6. Zuletzt wird mit dem Vorbringen, vom Mitbeteiligten sei selbst angegeben worden, in der Altanlage würden seit über 20 Jahren keine LKW eingestellt, und es sei daher davon auszugehen, dass der Genehmigungsbescheid vom 10. Oktober 1947 erloschen sei, im Hinblick auf § 80 Abs. 1 GewO 1994, wonach die Genehmigung der Betriebsanlage nur erlischt, wenn der Betrieb der Anlage durch mehr als fünf Jahre in allen für die Erfüllung des Anlagenzwecks wesentlichen Teilen der Anlage unterbrochen wird (vgl. zu § 80 Abs. 1 GewO 1994 auch das hg. Erkenntnis vom 11. September 2013, Zl. 2010/04/0032, mwN), keine Rechtswidrigkeit des angefochtenen Bescheides aufgezeigt.

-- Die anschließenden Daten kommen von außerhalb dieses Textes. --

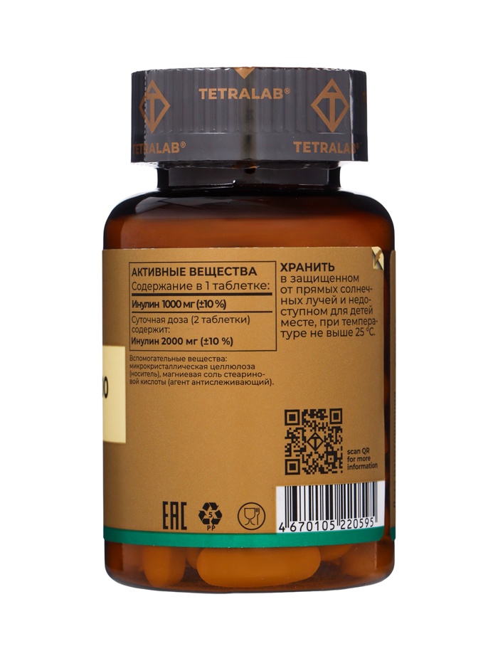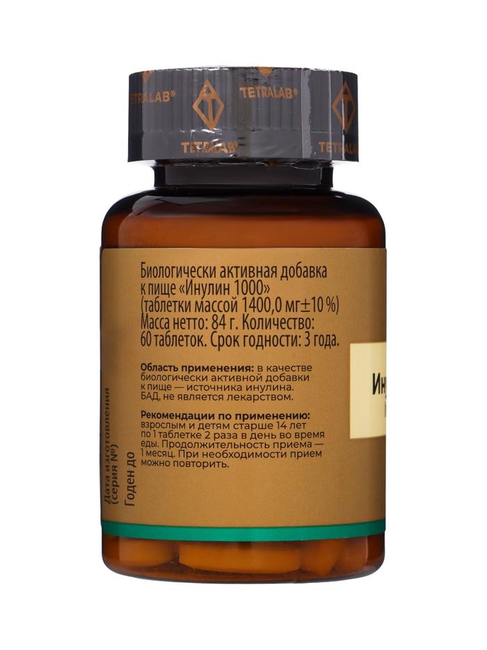 Пребиотик Инулин TETRALAB, улучшение работы кишечника и пищеварения, 1000 мг, 60 таблеток — Характеристики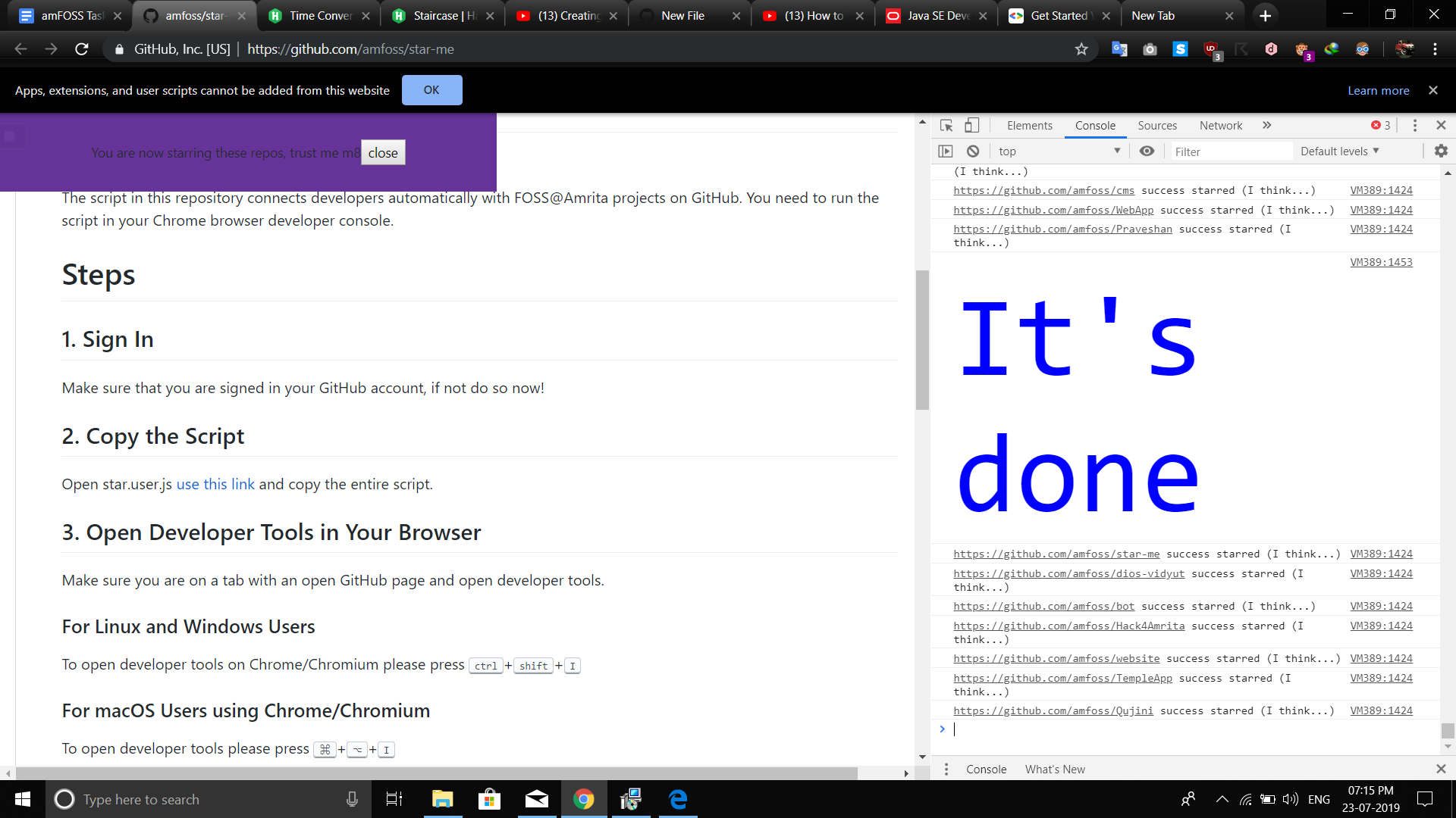 Instructions were quite clear so i followed this repo : https://github.com/amfoss/star-me

7. Die sich somit als unbegründet erweisende Beschwerde war gemäß § 42 Abs. 1 VwGG abzuweisen.

8. Die Entscheidung über den Aufwandersatz beruht gemäß § 79 Abs. 11 letzter Satz VwGG sowie § 3 Z 1 der VwGH-Aufwandersatzverordnung 2014, BGBl. II Nr. 518/2013 idF BGBl. II Nr. 8/2014, auf den §§ 47 ff VwGG iVm § 1 der VwGH-Aufwandersatzverordnung 2008, BGBl. II Nr. 455.